Work task
Transcribe the entries exactly. Start at the top, stop after the line with "Un ouvrage méconnu", and omit every picture.

====== Information ======

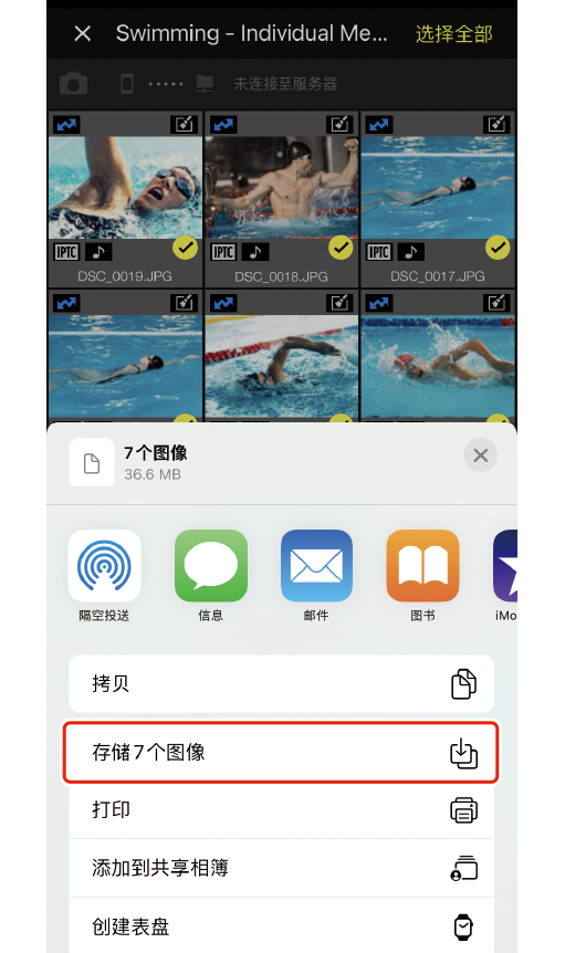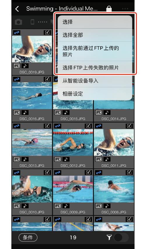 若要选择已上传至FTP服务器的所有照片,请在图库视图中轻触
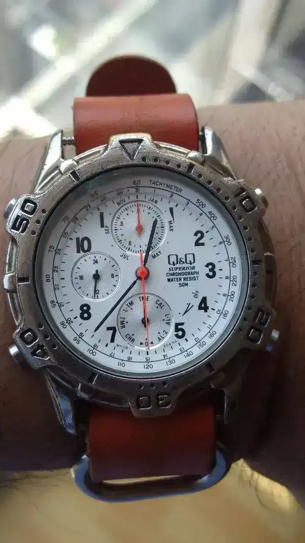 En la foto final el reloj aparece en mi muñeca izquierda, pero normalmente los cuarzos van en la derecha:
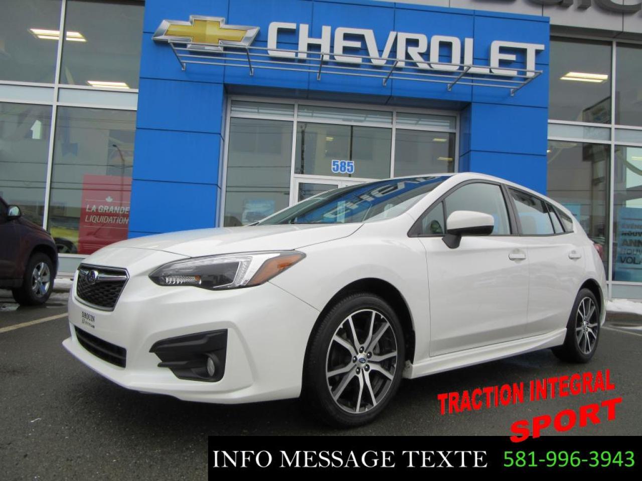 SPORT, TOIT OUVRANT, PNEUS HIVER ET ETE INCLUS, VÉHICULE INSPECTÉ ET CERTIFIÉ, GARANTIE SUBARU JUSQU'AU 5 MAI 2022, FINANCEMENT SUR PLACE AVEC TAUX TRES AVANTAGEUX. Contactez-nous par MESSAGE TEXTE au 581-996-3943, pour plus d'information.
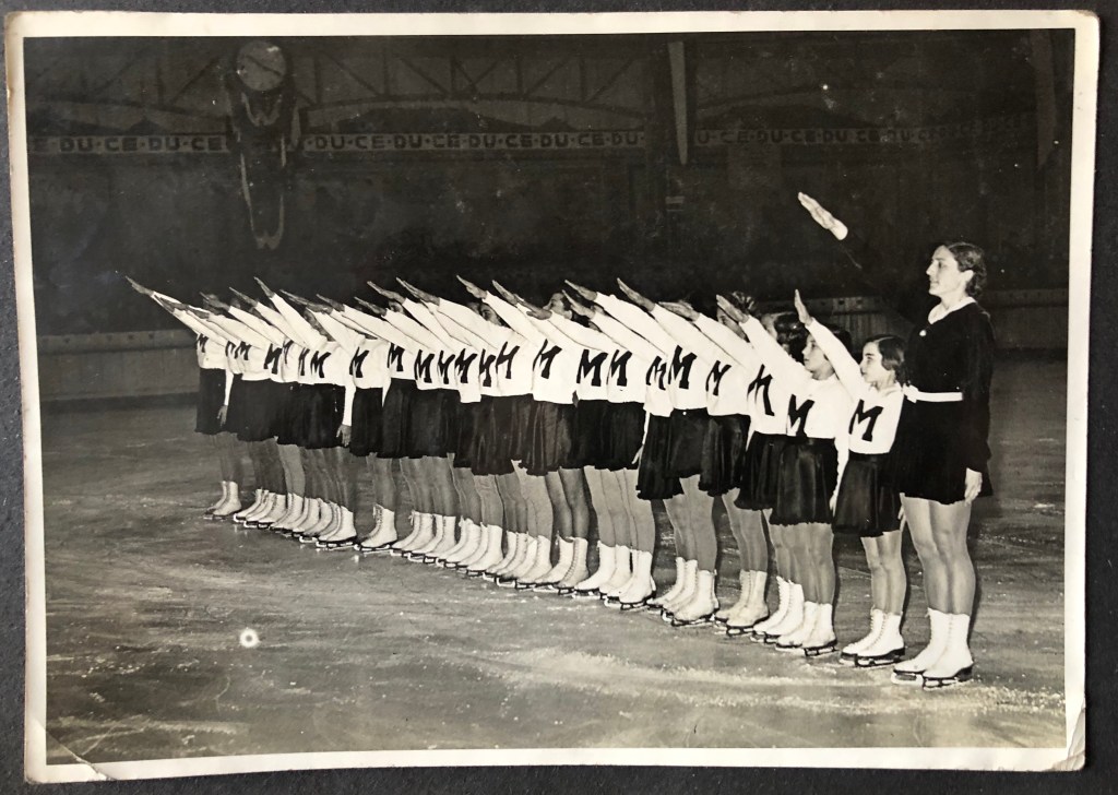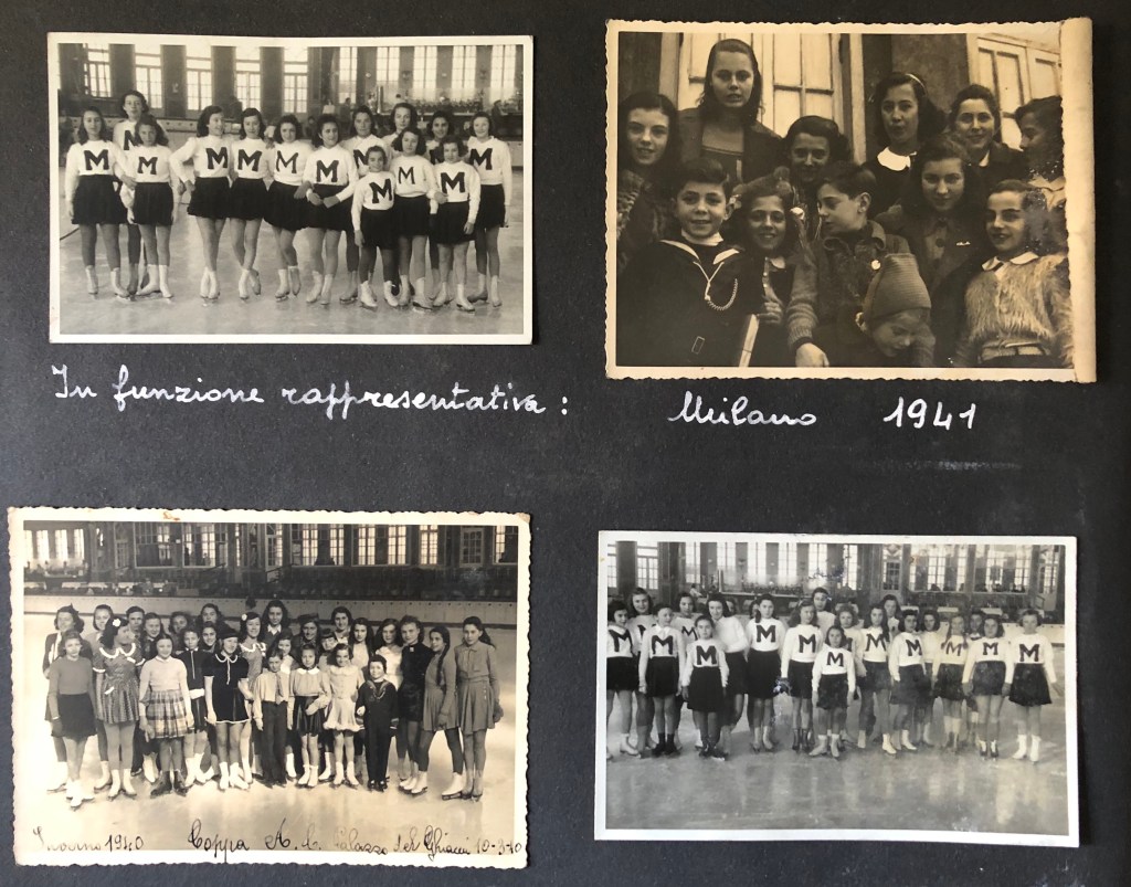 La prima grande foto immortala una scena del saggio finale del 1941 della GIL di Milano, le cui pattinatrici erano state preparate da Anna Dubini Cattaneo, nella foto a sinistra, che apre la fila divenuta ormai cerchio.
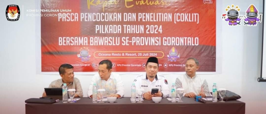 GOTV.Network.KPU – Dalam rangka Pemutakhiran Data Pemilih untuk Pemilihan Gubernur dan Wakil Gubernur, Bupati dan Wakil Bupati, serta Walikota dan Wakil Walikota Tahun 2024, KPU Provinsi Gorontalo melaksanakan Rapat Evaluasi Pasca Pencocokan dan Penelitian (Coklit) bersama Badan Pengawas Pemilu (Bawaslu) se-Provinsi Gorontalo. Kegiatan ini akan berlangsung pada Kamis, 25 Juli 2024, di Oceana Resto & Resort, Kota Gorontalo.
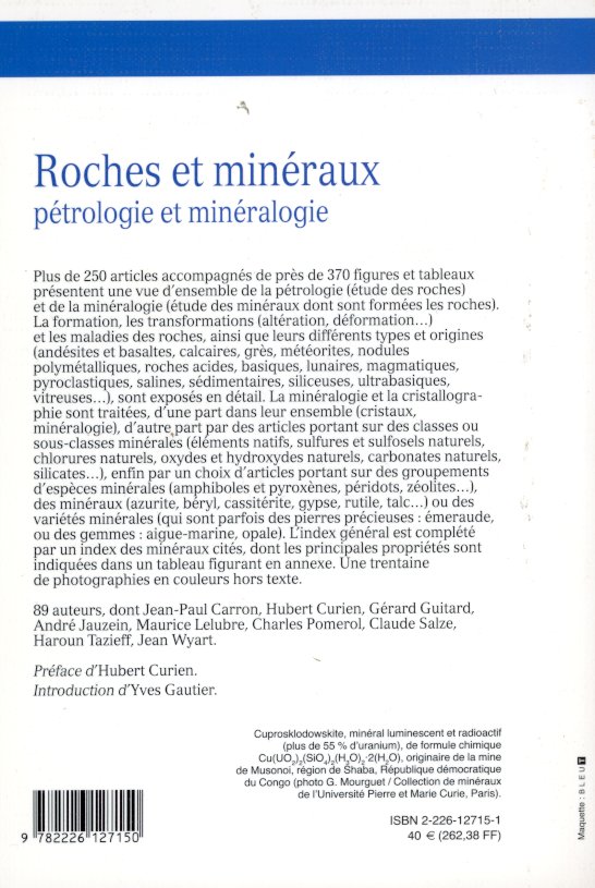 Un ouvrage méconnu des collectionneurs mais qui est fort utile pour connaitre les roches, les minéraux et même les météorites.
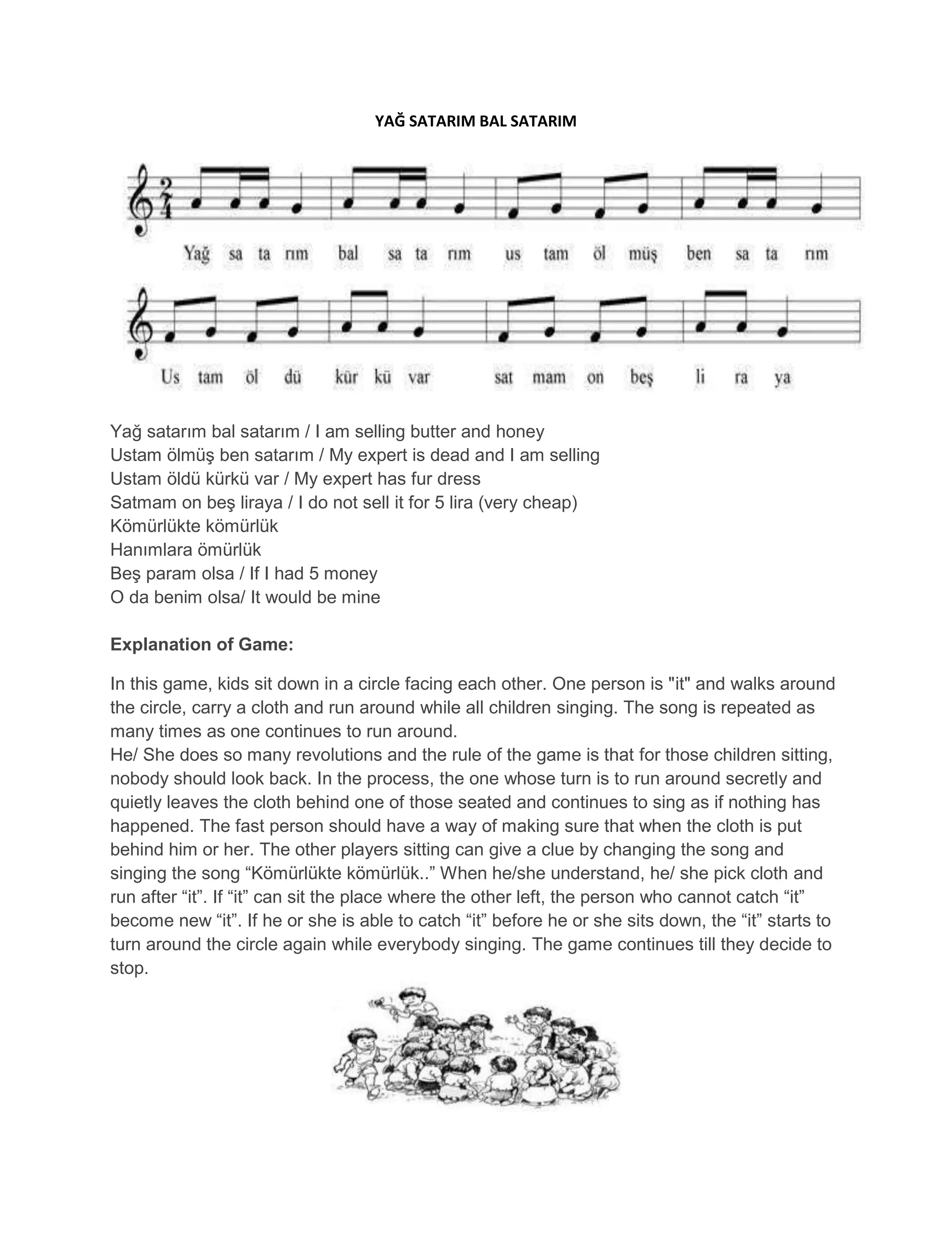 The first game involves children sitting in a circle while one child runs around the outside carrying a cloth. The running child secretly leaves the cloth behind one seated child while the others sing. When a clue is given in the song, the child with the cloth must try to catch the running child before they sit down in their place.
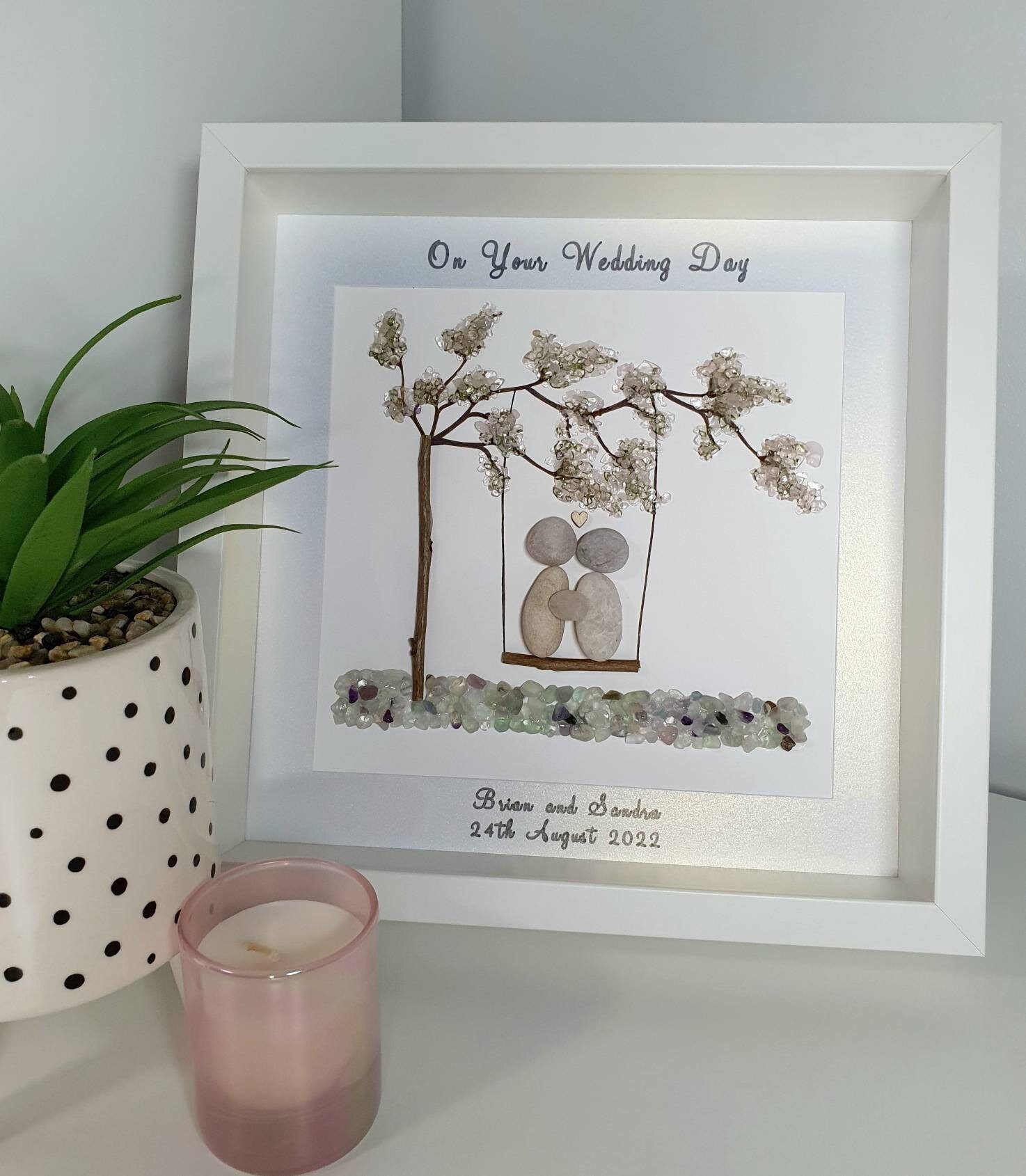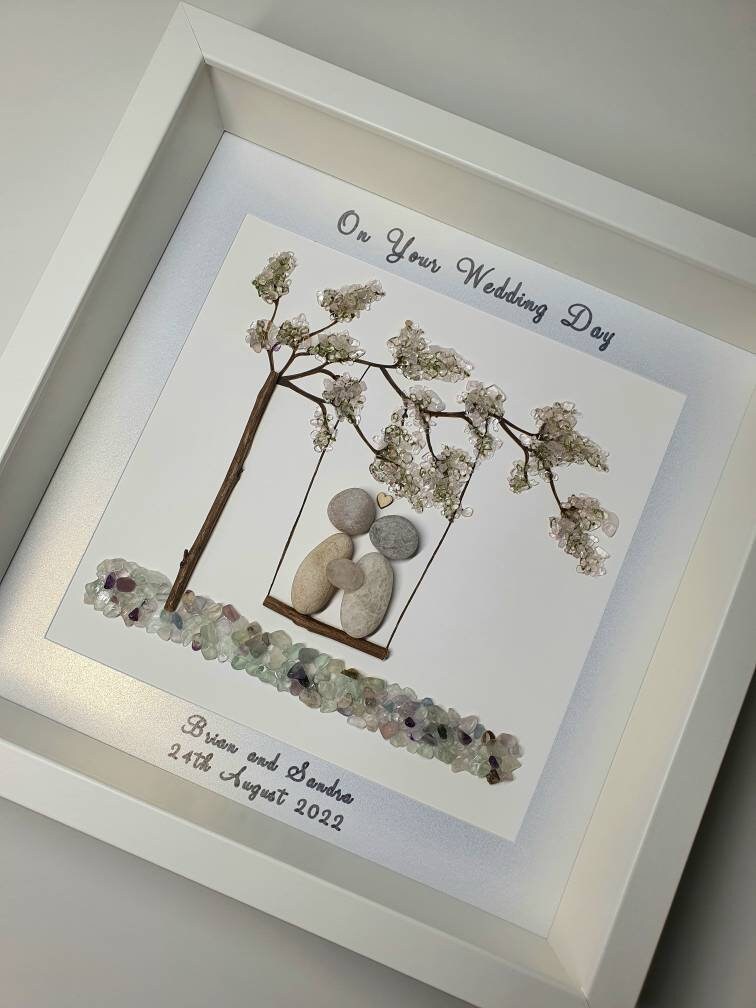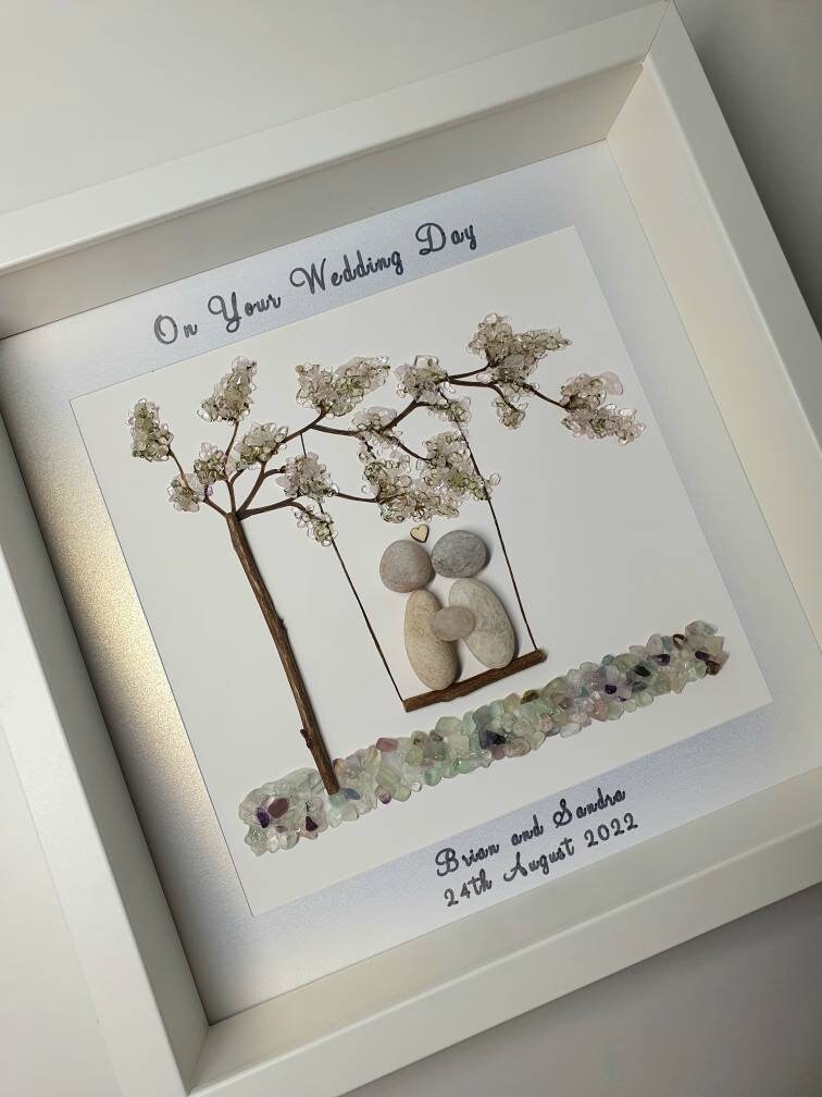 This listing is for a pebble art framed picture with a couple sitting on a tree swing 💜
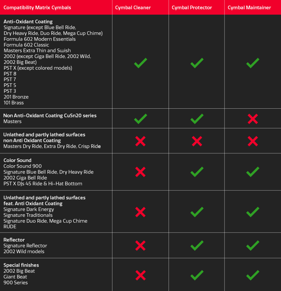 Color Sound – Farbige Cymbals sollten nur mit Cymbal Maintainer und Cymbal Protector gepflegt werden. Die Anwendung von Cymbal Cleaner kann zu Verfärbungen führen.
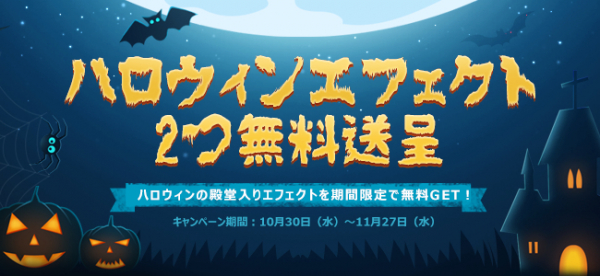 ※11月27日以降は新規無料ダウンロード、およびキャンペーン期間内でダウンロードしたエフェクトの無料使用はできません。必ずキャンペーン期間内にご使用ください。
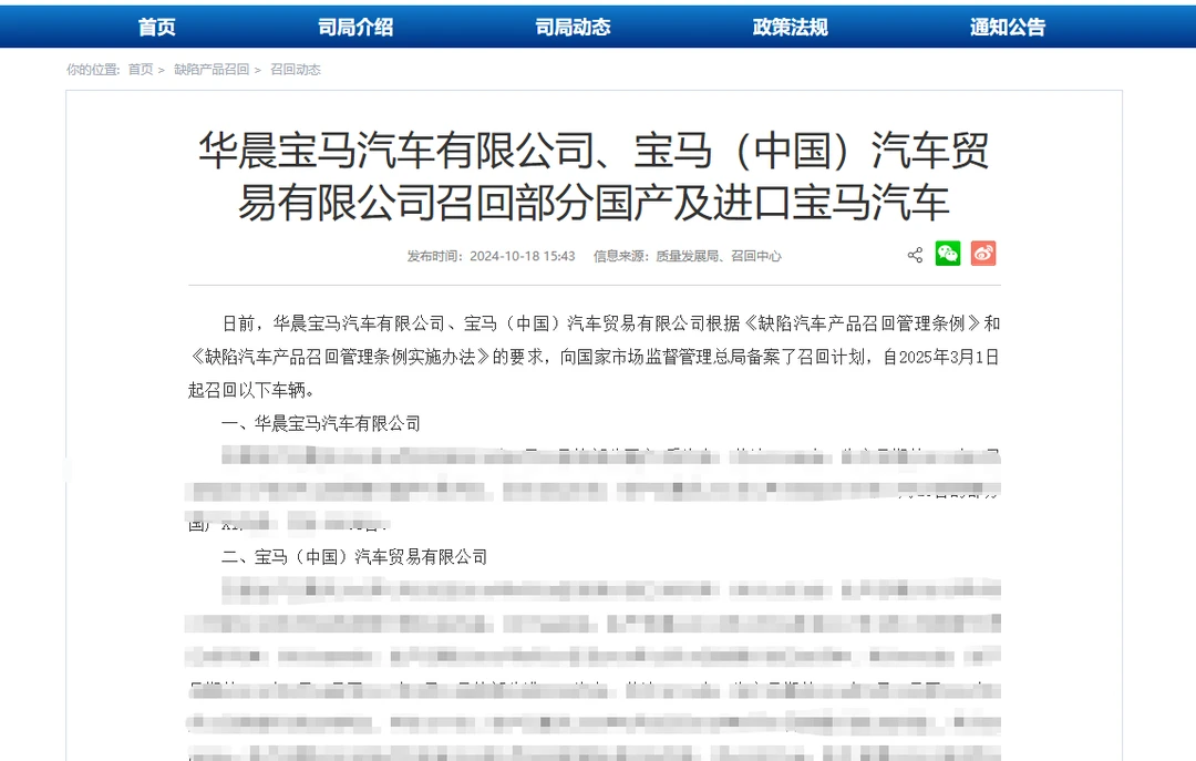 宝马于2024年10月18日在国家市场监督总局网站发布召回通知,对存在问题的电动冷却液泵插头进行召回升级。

======

Answer for the task
 若要选择已上传至FTP服务器的所有照片,请在图库视图中轻触
 En la foto final el reloj aparece en mi muñeca izquierda, pero normalmente los cuarzos van en la derecha:
 SPORT, TOIT OUVRANT, PNEUS HIVER ET ETE INCLUS, VÉHICULE INSPECTÉ ET CERTIFIÉ, GARANTIE SUBARU JUSQU'AU 5 MAI 2022, FINANCEMENT SUR PLACE AVEC TAUX TRES AVANTAGEUX. Contactez-nous par MESSAGE TEXTE au 581-996-3943, pour plus d'information.
 La prima grande foto immortala una scena del saggio finale del 1941 della GIL di Milano, le cui pattinatrici erano state preparate da Anna Dubini Cattaneo, nella foto a sinistra, che apre la fila divenuta ormai cerchio.
 GOTV.Network.KPU – Dalam rangka Pemutakhiran Data Pemilih untuk Pemilihan Gubernur dan Wakil Gubernur, Bupati dan Wakil Bupati, serta Walikota dan Wakil Walikota Tahun 2024, KPU Provinsi Gorontalo melaksanakan Rapat Evaluasi Pasca Pencocokan dan Penelitian (Coklit) bersama Badan Pengawas Pemilu (Bawaslu) se-Provinsi Gorontalo. Kegiatan ini akan berlangsung pada Kamis, 25 Juli 2024, di Oceana Resto & Resort, Kota Gorontalo.
 Un ouvrage méconnu des collectionneurs mais qui est fort utile pour connaitre les roches, les minéraux et même les météorites.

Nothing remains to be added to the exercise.